▶ Problem description: The lines to return are those from the line holding "Acryldruck „Red Cactus" through the last line of the entries below, both included, written exactly and without pictures.

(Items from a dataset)
____________

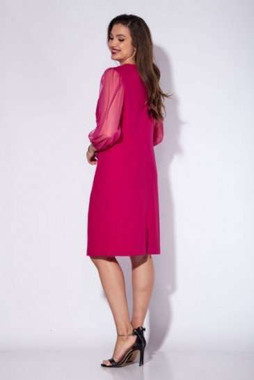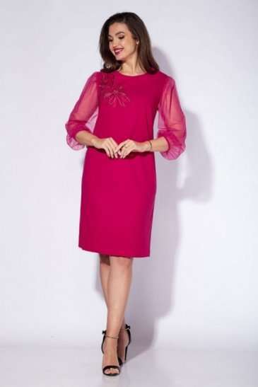 Платье женское, полуприлегающего силуэта с рукавом длиной 7/8. Рукав выполнен из отделочной ткани(сетка), фантазийной формы. По верху рукава сборка. Низ так же присобран на узкую резинку. По переду нагрудные и талевые вытачки. Перед платья, сверху задекорирован вышивкой. Вырез горловины круглой формы. По спинке средний шов и талевые вытачки. Застежка в шве на потайную "молнию". По низу разрез. Длина платья по спинке 48-50 р. - 93 см, 52-56 р. - 96 см.
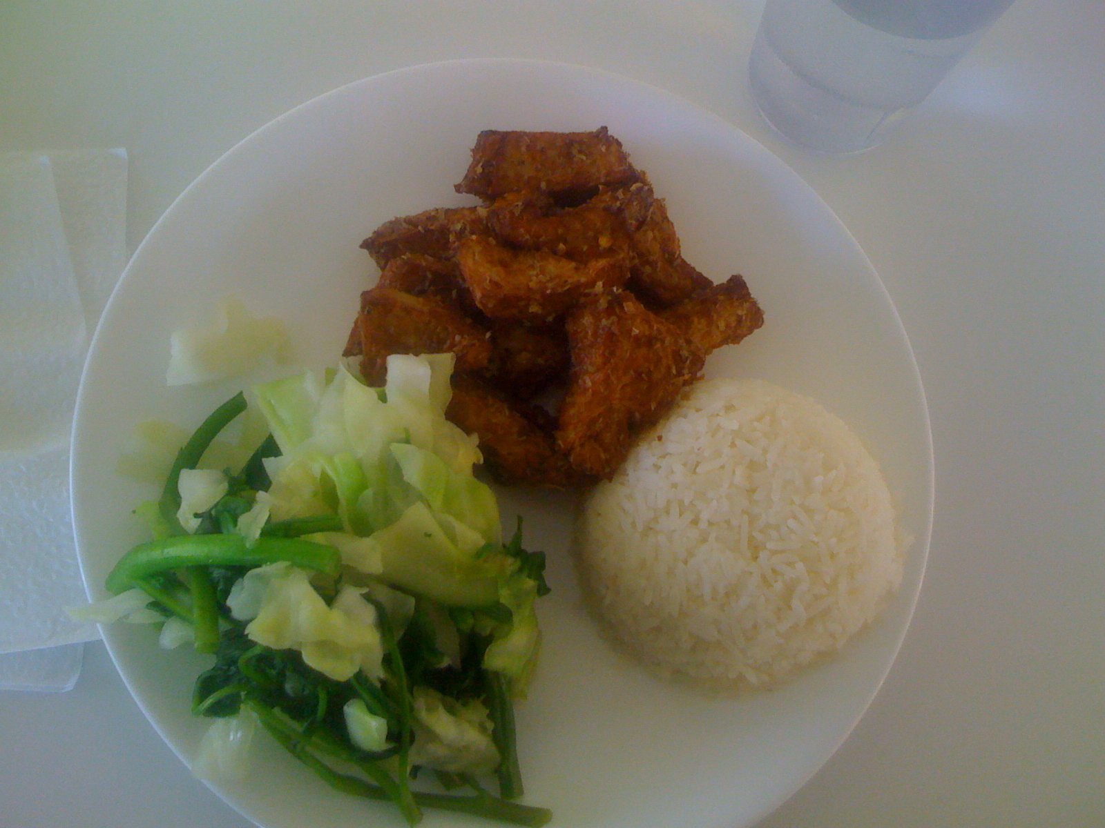I ordered the No.6, a dish called Blissful State. It consisted of lemongrass vegan soy protein, steamed rice, and veggies. This is my favorite dish from Loving Hut, and has stayed mostly the same since the restaurant was formerly called Au Lac, before the national affiliation sometime in the last year. The pepper flakes make the lemongrass vegan soy protein so hot, and it’s one of my favorite fake meat dishes in town.
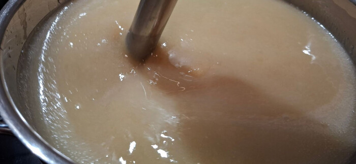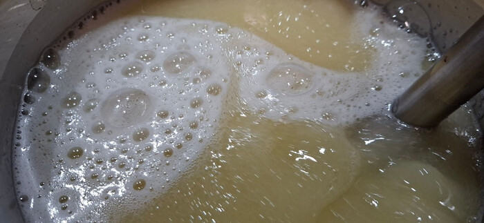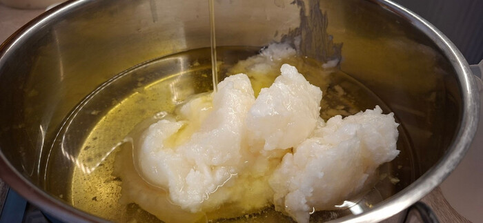 Когда масла расплавились, добавляем щелочной раствор. Начинается реакция омыления — масла превращаются в мыло. Смесь сначала жидкая, почти прозрачная.
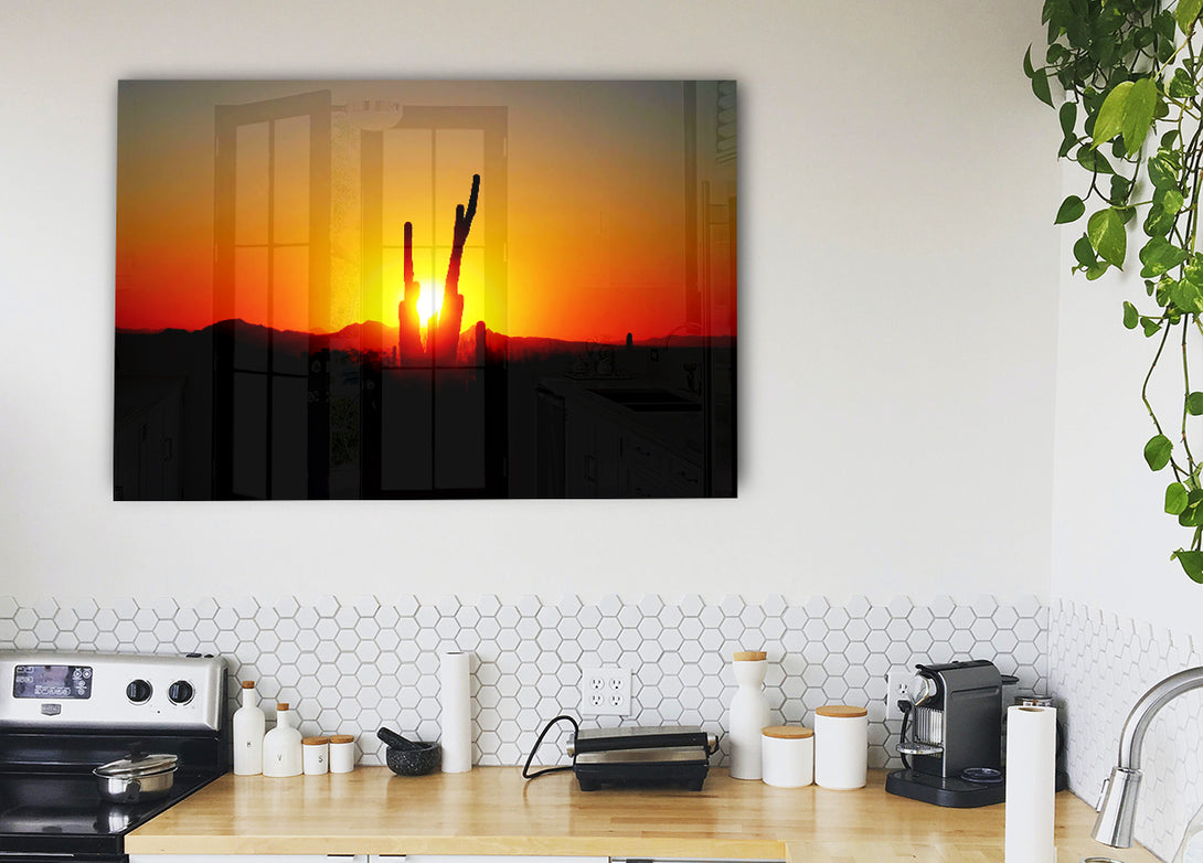 Acryldruck „Red Cactus Sunrise“, UV-gedruckt auf 5 mm dickes Acrylglas. Wird mit allem geliefert, was Sie zum Aufhängen an Ihre Wand benötigen.
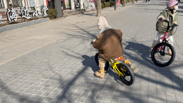 另外,3岁以上的小朋友出门再坐婴儿车就不合适了,也不方便,但是大人遛弯或跑步时,孩子跟着难免觉得无聊、走不动路,这时候骑平衡车就是最佳解决方案了。我们家平时就经常带娃去公园、广场或滨海栈道溜达,小姐弟俩骑着自己的车子,和大人一同出行,互不干扰,各得其乐,真的省心又省力!
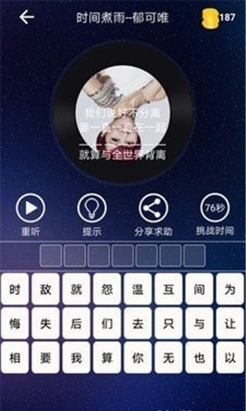 2,播放器需要在指定的时间内完成操作,快速解答,美妙的歌曲猜测解答具有一定的节奏,您可以随时用音乐回答它们;
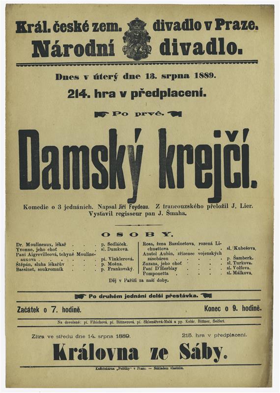 Dámský krejčí - 13.08.1889, divadelní cedule z premiéry
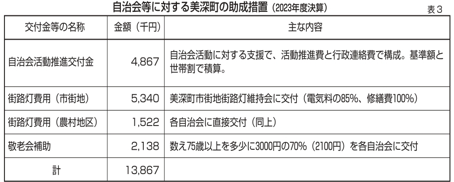 美深町では、敬老会は自治会主催で開催しており、街路灯についても、電気料の一部(15%)を自治会が負担している。町では、残り85%を町が負担し、修繕費は全額負担している。町の自治会等に対する主な支援は表3の通り。
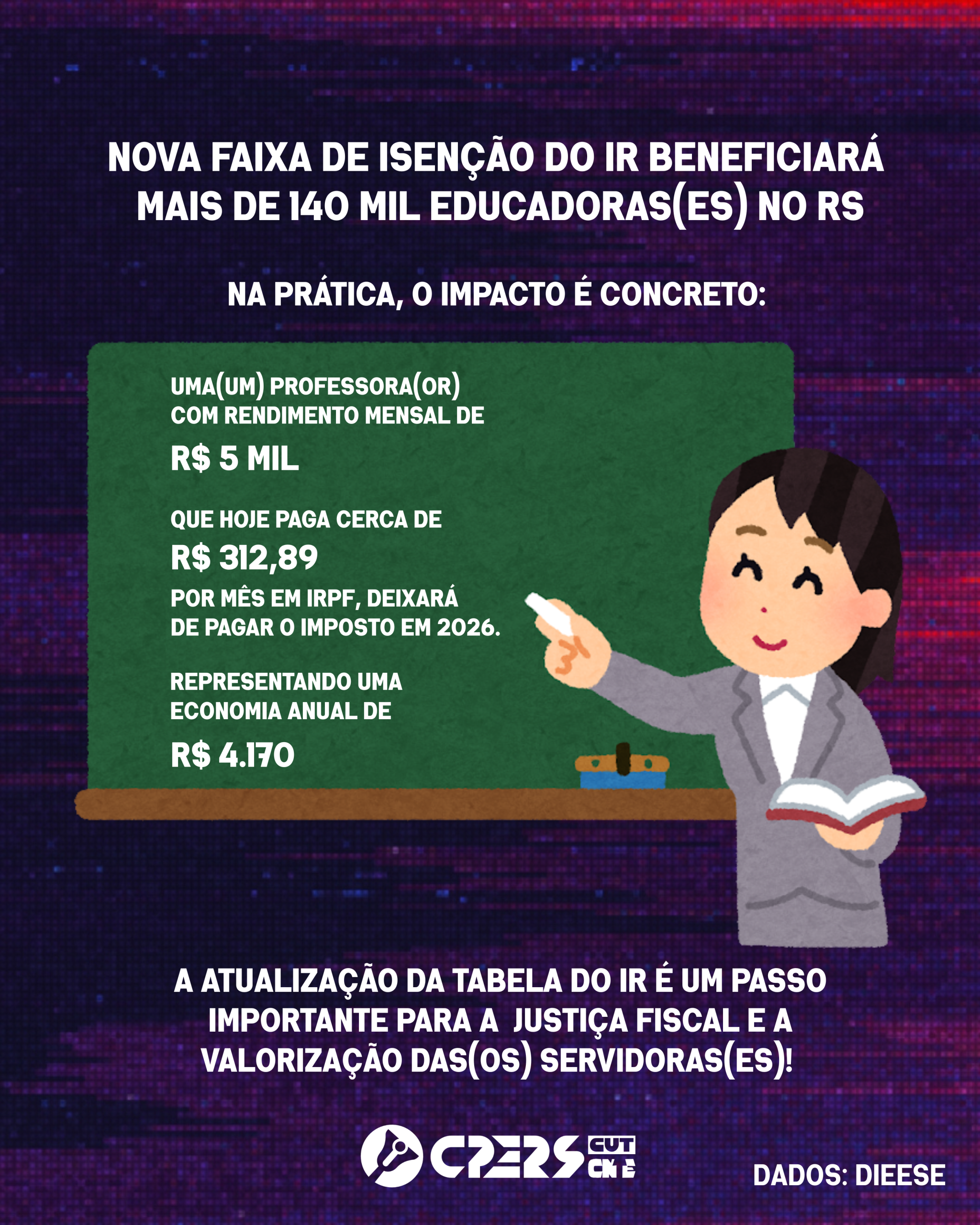 De acordo com o Departamento Intersindical de Estatística e Estudos Socioeconômicos (DIEESE), a ampliação da faixa de isenção do IR poderá beneficiar mais de 140 mil servidoras(es) da educação gaúcha, o que representa 88,2% das(os) profissionais da Secretaria da Educação (SEDUC). Em todo o país, mais de 20 milhões de trabalhadoras(es) serão contemplados com a nova faixa de isenção.
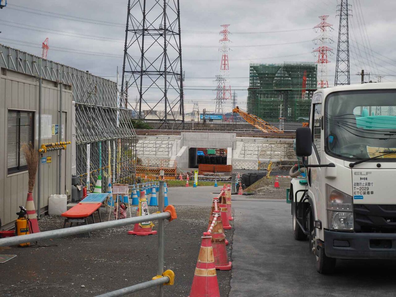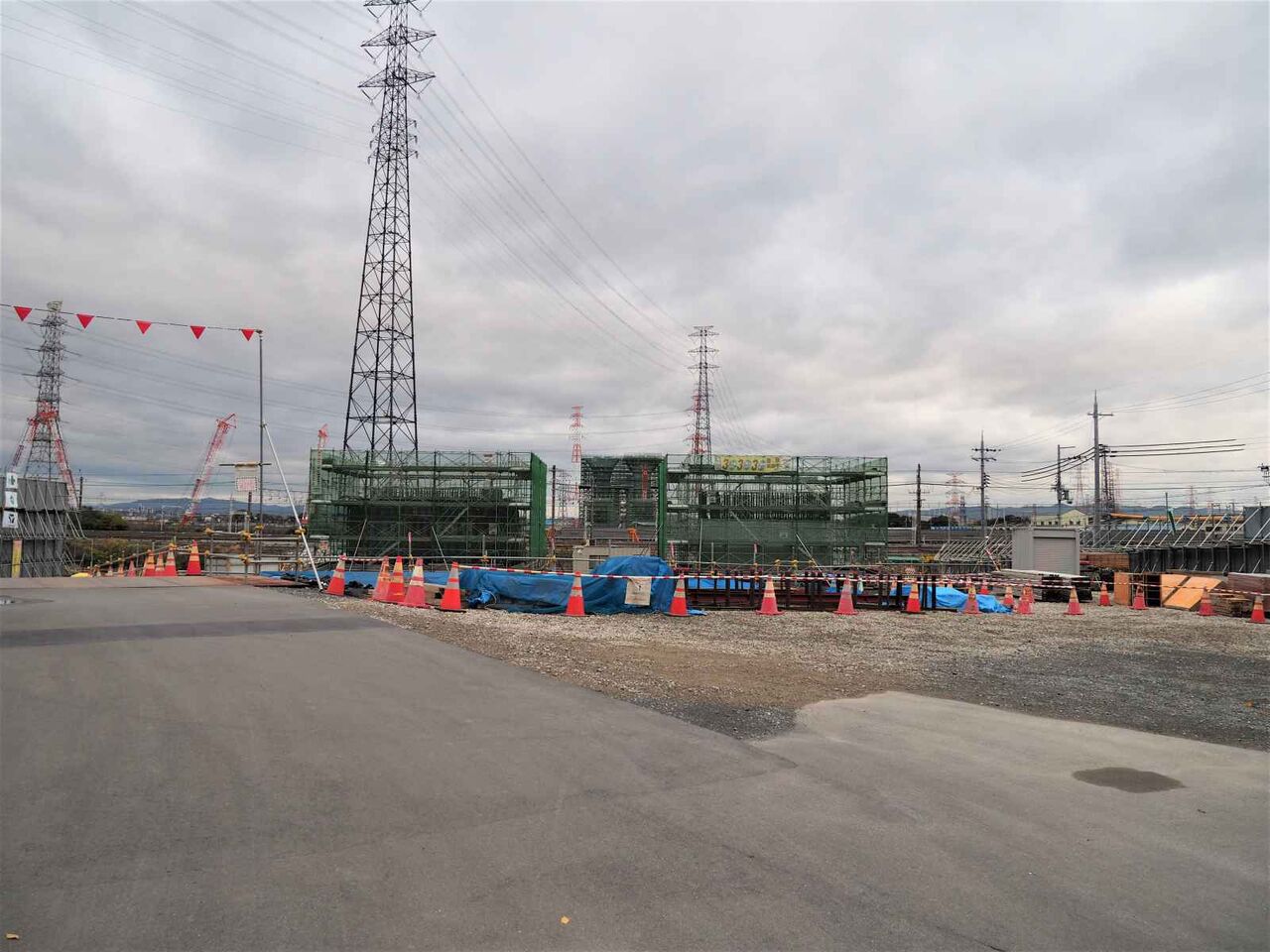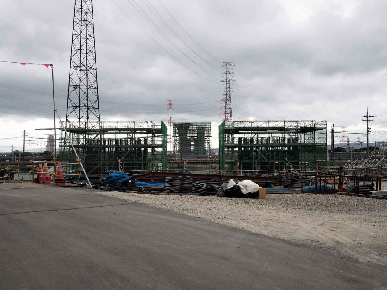 前回から比較しますと、右側が橋梁を受ける部分が進んでいます。左側の橋脚が始まってきました。

____________

▶ Result below:
 Acryldruck „Red Cactus Sunrise“, UV-gedruckt auf 5 mm dickes Acrylglas. Wird mit allem geliefert, was Sie zum Aufhängen an Ihre Wand benötigen.
 另外,3岁以上的小朋友出门再坐婴儿车就不合适了,也不方便,但是大人遛弯或跑步时,孩子跟着难免觉得无聊、走不动路,这时候骑平衡车就是最佳解决方案了。我们家平时就经常带娃去公园、广场或滨海栈道溜达,小姐弟俩骑着自己的车子,和大人一同出行,互不干扰,各得其乐,真的省心又省力!
 2,播放器需要在指定的时间内完成操作,快速解答,美妙的歌曲猜测解答具有一定的节奏,您可以随时用音乐回答它们;
 Dámský krejčí - 13.08.1889, divadelní cedule z premiéry
 美深町では、敬老会は自治会主催で開催しており、街路灯についても、電気料の一部(15%)を自治会が負担している。町では、残り85%を町が負担し、修繕費は全額負担している。町の自治会等に対する主な支援は表3の通り。
 De acordo com o Departamento Intersindical de Estatística e Estudos Socioeconômicos (DIEESE), a ampliação da faixa de isenção do IR poderá beneficiar mais de 140 mil servidoras(es) da educação gaúcha, o que representa 88,2% das(os) profissionais da Secretaria da Educação (SEDUC). Em todo o país, mais de 20 milhões de trabalhadoras(es) serão contemplados com a nova faixa de isenção.
 前回から比較しますと、右側が橋梁を受ける部分が進んでいます。左側の橋脚が始まってきました。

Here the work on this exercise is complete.